One final benefit of peewee: Should you ever feel the need for larger, faster storage, you can just download PostgreSQL and swap it against SQLite. Your code will continue to run without any major changes (apart from the database configuration, of course).

Handling Usernames and IDs
==========================
Twitter's data schemata have some implications that are not readily apparent at a first glance. Before modeling the data strucutres used to store tweets, it pays to have a closer look at what the official documentation says about the uniqueness of objects. Tweets and users both have an ID field which contains a large number that is guaranteed to be unique. Ergo, there is no other user sharing that number and no other Tweet sharing one ID. However, the same does not apply for other attributes, notably usernames (screen_name). Although Twitter does not allow users to pick a name that is already chosen, usernames become available once the previous account has been deleted. In practice, this happens surprisingly often. The larger and the longer the timeframe of a data collection, the more likely it is that usernames collide.
The correct solution to this is to always use user IDs, not usernames as identifiers for users. The database schema below does this by defining the user model with an unique ID, but allowing (non-unique) any username. The example dataset provided with the package actually contains seven cases where usernames collide. You can find them by inspecting the list of usernames:

# Create a list of usernames from all Users:
usernames = [user.username for user in User.select('username')]
# Create a counting object from the list
from collections import Counter
namecount = Counter(usernames)

# Show the ten usernames that occur the most often across all users. The number following the string corresponds to the number of unique users with this name
print(namecount.most_common(10))

Out[1]: [('halseycupcakes', 2), ('bootsntwinks', 2), ('kilIdrake', 2), ('junhoestan', 2), ('StephenWolfUNC', 2), ('JackofKent', 2), ('oooh_sebastian', 2), ('neumantj', 1), ('JohnHollings', 1), ('Guidotoons', 1)]

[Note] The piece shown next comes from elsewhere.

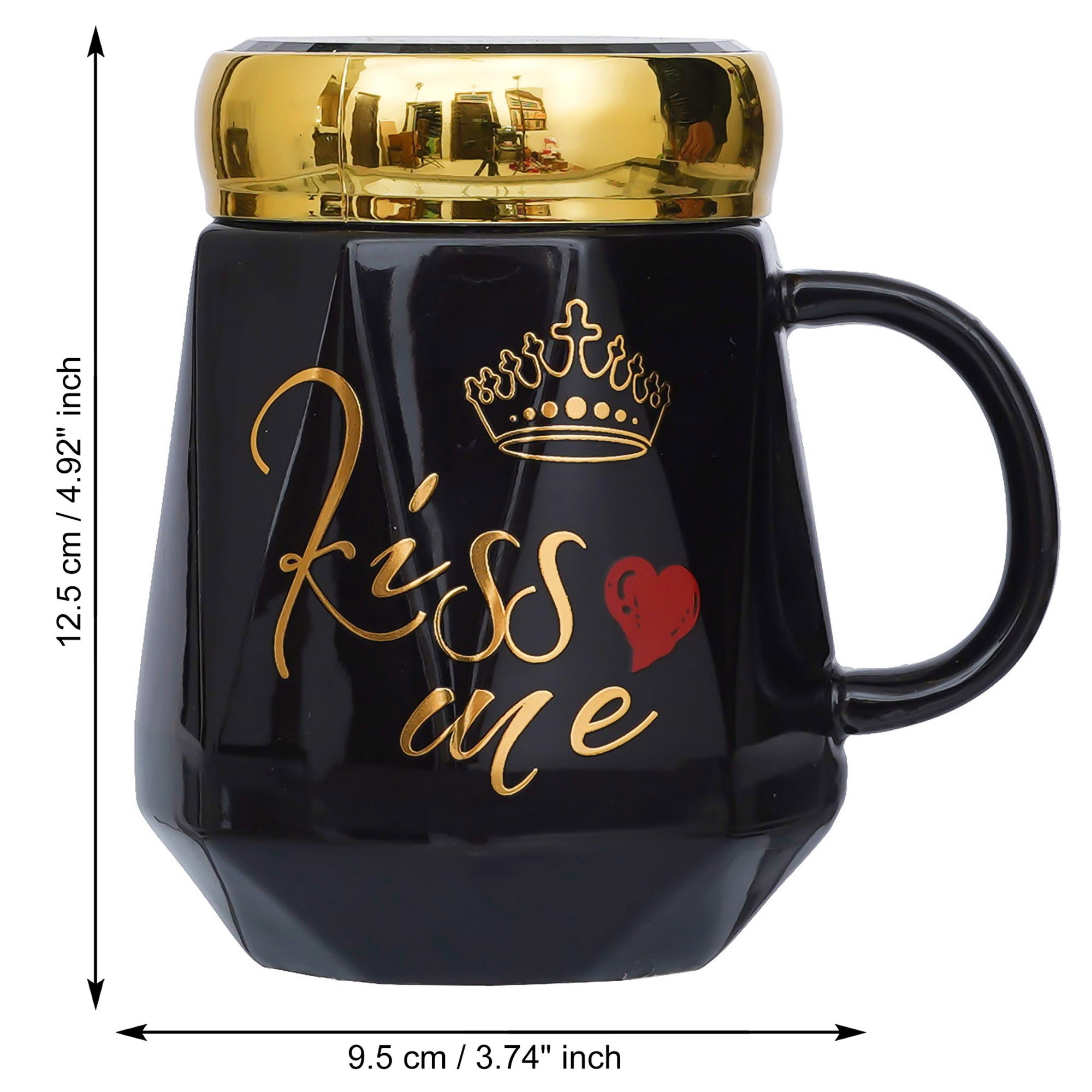 Wish to make your loved one feel on top of the world? This combo consists of One "Kiss Me" Printed Valentine Ceramic Black Mug with Golden Lid, One Love Golden Red Rose Table Decor Valentine Gift Set Showpiece. At eCraftIndia, you can come across various Valentine's gift set combos that would for sure make your partner feel more loved & connected to you. These gift sets have various variations that you can select according to your occasion or celebration. Further, these are made with much thought by our skilled artists just so you can make your loved one feel special always!

A Special Note on Date and Time
===============================
Date and time are crucial to almost all kinds of data analysis, but at the same time they are notoriously difficult to handle. There are two major sources of confusion and errors, which correspond to the layers of modifications that are performed to get from an universal reference time to local time: (a) a timezone offset is added to a reference time to get local time and (b) if applicable, a daylight saving offset yields the seasonally correct time. (This presentation on date and time may be helpful: [https://www.youtube.com/watch?v=keUbVvMJeKY]).
When working with twitter, it is crucial to keep two things in mind and separate: The Twitter API always returns date/time in UTC, the universal reference time (no timezone offset, no daylight saving time!). However, depending on your object of study, users will see and use their local time. In many cases, we need to convert the native UTC dates into some other format. Some best practices for handling this are:
- Always store and/or explicitly declare the timezone information of your data
- Convert at the latest possible opportunity
- Store data in the most generic format possible (this usually means UTC)
Within this module, we have to compromise on date handling since SQLite does not support timezones. One option is storing the datetime as a string, but that prevents efficient date range queries. Instead, we chose to store UTC datetime without timezone information. So please keep in mind that you might need to convert both your queries and the resulting data. For example, if you're interested in tweets from New York City on January 1st of 2016, midnight to noon, you would first convert the range to UTC times:

from pytz import timezone
from pytz import utc
from datetime import datetime

# Hint: While it's possible to use timezone abbreviations such as "MST", some of those (such as CST) are ambiguous!
# While the pytz package will prevent you from using them, readers and users of your code might be fooled.
ny = timezone("America/New_York")
start_date = datetime(2015, 1, 1, 0, tzinfo=ny)
stop_date = datetime(2015, 1, 1, 12, tzinfo=ny)

start_date_utc = utc.normalize(start_date)
stop_date_utc = utc.normalize(stop_date)

Alternate ways of storing data
==============================
Caveat emptor: A comprehensive description of all data storage approaches is far beyond the scope of this tutorial. That being said, there are three options we wanted to highlight.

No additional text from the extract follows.